→ **Task input**

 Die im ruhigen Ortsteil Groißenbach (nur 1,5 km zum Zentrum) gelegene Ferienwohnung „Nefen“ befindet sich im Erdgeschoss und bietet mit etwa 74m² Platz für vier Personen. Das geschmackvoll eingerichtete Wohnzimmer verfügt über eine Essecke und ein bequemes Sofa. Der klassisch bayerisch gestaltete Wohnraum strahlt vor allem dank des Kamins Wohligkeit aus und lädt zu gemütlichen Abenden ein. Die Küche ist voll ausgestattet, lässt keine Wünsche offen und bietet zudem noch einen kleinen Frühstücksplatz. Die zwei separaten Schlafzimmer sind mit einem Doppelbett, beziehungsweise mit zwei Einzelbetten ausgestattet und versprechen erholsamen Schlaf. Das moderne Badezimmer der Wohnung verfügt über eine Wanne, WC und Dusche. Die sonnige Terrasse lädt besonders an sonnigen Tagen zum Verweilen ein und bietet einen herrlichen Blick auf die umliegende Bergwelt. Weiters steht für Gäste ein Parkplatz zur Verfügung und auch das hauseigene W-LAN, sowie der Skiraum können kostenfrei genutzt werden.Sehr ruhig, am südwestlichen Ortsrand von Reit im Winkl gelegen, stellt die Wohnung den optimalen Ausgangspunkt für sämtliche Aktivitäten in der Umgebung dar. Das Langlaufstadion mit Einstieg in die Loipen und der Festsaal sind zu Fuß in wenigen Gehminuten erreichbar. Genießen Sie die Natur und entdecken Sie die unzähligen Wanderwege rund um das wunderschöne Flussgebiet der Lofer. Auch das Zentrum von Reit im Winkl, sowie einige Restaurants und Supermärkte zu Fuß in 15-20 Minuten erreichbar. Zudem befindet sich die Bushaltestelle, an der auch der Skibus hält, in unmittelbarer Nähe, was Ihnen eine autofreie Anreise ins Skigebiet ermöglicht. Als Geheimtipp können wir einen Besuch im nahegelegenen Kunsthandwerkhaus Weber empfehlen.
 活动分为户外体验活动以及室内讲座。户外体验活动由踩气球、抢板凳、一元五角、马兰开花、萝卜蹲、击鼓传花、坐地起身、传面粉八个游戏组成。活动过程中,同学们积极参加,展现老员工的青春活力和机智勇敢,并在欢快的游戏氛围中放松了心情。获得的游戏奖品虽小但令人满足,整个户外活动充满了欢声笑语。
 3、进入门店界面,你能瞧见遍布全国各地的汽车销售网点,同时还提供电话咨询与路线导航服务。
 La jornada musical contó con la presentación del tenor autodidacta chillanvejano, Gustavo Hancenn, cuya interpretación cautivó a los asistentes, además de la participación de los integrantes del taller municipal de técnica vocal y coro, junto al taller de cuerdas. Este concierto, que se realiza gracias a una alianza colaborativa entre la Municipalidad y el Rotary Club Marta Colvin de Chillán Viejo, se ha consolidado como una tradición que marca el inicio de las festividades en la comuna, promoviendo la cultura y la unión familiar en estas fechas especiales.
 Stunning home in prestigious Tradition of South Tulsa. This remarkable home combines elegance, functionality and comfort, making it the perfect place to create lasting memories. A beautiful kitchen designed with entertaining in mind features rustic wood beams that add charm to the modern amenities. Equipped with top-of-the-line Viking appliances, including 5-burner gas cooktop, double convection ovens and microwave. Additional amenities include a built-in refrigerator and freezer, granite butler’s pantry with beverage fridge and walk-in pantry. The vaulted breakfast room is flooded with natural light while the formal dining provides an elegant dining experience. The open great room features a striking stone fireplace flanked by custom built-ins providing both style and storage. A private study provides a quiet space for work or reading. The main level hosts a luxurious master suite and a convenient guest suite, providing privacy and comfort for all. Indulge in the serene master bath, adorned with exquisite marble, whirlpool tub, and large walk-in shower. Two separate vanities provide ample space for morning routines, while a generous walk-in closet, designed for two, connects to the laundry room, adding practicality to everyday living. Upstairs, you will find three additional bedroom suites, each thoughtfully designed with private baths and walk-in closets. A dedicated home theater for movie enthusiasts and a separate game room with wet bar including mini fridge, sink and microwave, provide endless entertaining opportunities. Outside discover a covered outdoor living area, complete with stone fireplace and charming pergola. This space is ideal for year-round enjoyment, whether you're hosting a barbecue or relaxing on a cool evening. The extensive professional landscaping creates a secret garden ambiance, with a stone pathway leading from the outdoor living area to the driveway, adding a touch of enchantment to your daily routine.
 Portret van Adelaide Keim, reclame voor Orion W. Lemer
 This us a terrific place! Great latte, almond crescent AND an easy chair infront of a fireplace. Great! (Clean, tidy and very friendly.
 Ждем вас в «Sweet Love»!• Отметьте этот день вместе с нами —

==

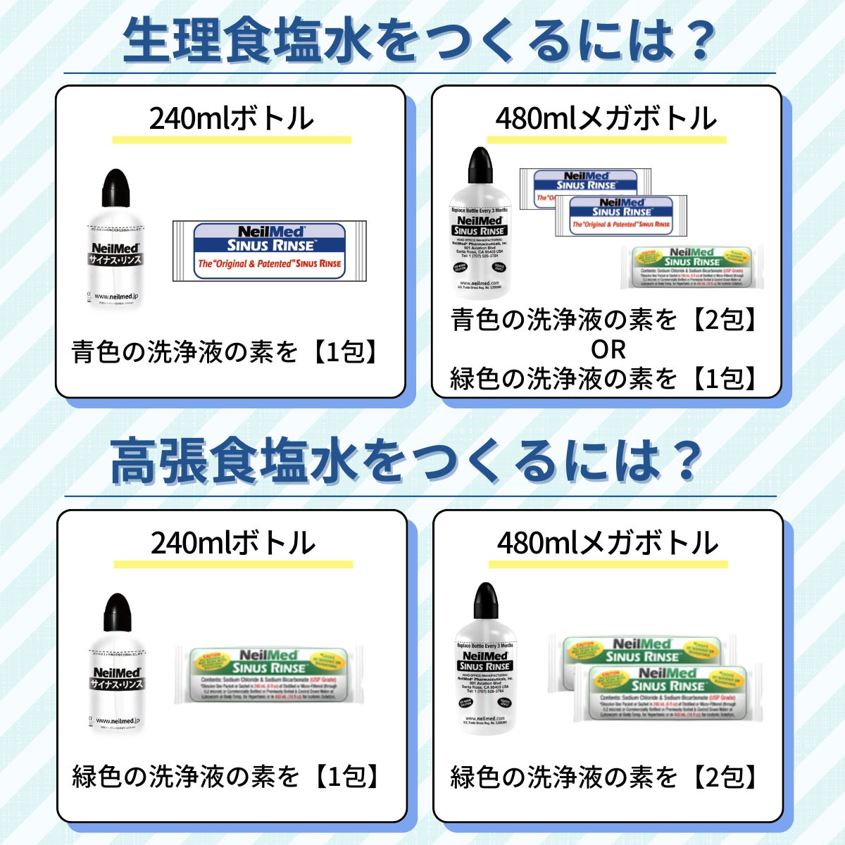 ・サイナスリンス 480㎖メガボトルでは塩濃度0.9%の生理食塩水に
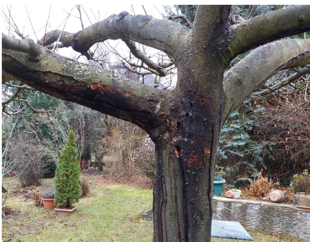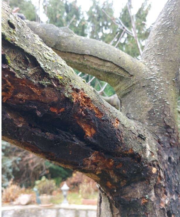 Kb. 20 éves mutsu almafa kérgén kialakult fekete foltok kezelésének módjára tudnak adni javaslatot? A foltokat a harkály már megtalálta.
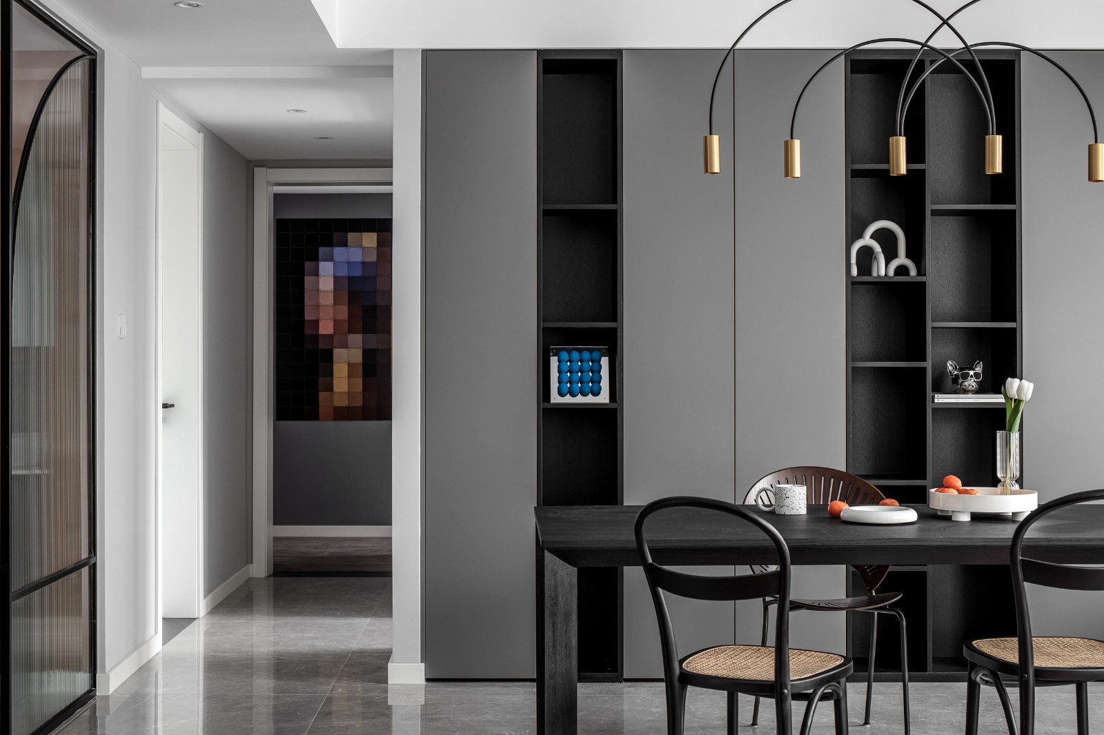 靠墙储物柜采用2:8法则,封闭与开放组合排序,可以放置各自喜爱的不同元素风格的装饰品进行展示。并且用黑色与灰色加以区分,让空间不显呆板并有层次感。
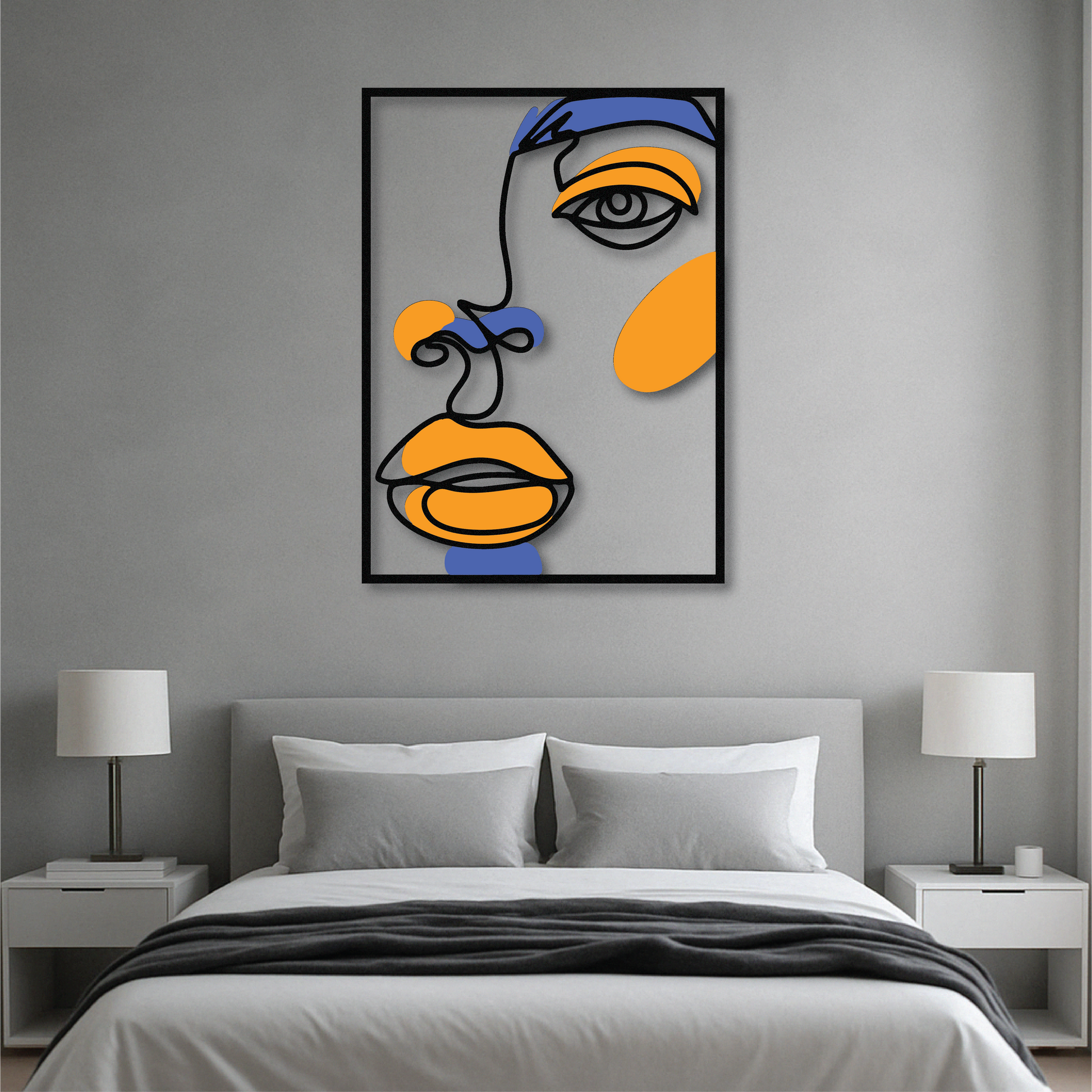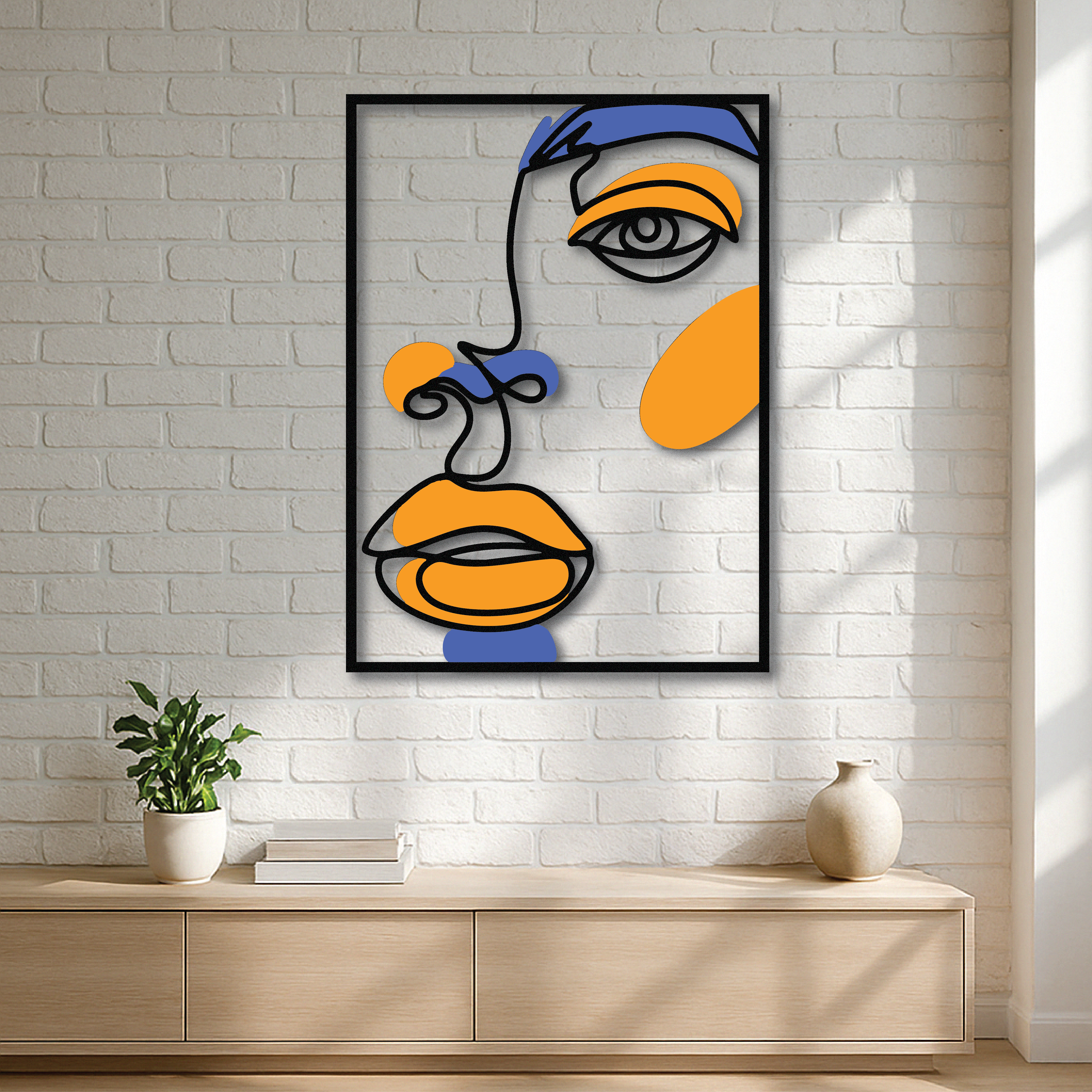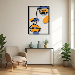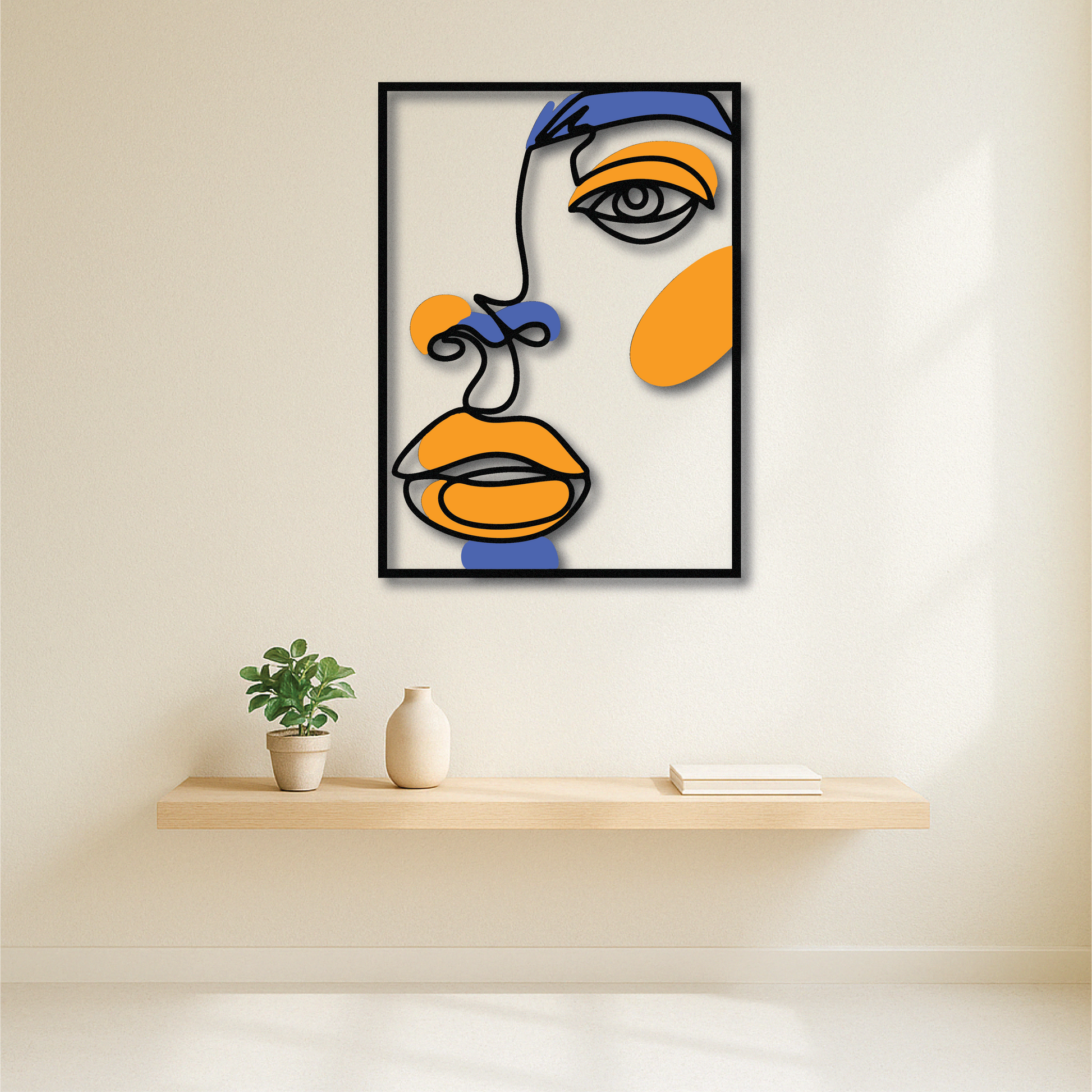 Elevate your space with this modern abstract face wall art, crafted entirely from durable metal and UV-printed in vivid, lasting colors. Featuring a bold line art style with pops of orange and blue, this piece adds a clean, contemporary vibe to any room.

...

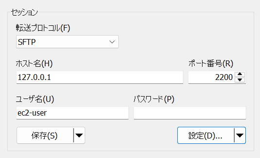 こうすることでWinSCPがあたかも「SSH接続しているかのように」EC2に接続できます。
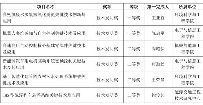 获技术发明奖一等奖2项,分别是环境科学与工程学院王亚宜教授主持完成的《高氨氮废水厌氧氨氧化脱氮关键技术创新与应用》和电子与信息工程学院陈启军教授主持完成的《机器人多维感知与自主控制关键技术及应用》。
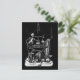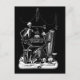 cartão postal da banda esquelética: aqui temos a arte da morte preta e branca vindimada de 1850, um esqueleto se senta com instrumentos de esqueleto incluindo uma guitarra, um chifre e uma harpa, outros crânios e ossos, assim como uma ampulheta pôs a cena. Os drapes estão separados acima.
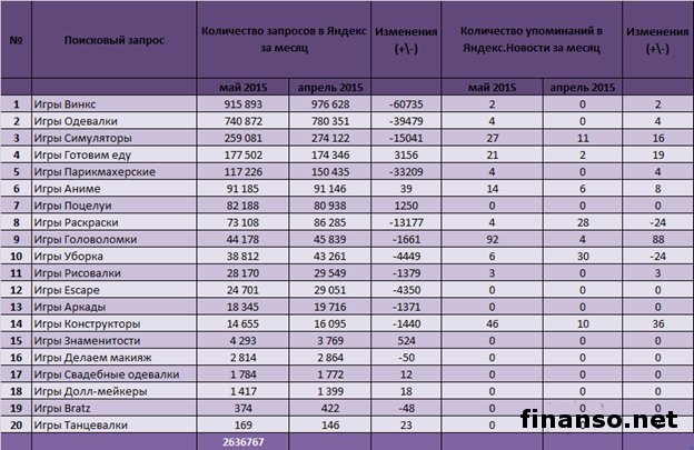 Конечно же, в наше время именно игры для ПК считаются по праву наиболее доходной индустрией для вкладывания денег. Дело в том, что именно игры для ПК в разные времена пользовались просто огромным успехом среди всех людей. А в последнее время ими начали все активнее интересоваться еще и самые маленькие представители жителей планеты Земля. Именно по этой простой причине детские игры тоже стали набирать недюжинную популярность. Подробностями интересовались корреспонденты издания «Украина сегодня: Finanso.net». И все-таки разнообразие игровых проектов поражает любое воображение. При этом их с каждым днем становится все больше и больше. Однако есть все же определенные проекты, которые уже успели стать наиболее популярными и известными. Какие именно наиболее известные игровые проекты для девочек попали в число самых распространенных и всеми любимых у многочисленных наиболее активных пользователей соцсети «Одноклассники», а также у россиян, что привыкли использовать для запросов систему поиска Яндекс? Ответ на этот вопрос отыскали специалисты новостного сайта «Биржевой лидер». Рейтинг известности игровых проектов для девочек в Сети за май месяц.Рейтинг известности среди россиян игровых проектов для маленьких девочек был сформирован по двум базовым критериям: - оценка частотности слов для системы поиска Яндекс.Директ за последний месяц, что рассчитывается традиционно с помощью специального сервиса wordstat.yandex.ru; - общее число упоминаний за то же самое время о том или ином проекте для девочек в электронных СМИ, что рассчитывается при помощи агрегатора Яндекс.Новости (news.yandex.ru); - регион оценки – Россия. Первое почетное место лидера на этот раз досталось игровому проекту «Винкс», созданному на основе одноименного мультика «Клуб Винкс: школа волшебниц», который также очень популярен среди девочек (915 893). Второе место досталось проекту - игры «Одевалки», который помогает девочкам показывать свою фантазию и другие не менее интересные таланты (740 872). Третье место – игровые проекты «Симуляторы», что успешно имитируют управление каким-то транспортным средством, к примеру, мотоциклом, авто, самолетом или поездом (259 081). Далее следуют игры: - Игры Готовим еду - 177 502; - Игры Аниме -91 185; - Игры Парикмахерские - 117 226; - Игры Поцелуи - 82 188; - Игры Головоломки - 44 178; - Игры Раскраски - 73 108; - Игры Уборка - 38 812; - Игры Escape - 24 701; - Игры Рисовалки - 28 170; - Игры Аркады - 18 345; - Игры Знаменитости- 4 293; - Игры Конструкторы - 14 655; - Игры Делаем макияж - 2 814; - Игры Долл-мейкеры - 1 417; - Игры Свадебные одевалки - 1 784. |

→ **Problem to solve**
Return only the part of the records above that opens with the line containing "活动分为户外体验活动以及室内" and closes with the line containing "3、进入门店界面,你能瞧见遍", ends included.

→ **Solved exercise**
 活动分为户外体验活动以及室内讲座。户外体验活动由踩气球、抢板凳、一元五角、马兰开花、萝卜蹲、击鼓传花、坐地起身、传面粉八个游戏组成。活动过程中,同学们积极参加,展现老员工的青春活力和机智勇敢,并在欢快的游戏氛围中放松了心情。获得的游戏奖品虽小但令人满足,整个户外活动充满了欢声笑语。
 3、进入门店界面,你能瞧见遍布全国各地的汽车销售网点,同时还提供电话咨询与路线导航服务。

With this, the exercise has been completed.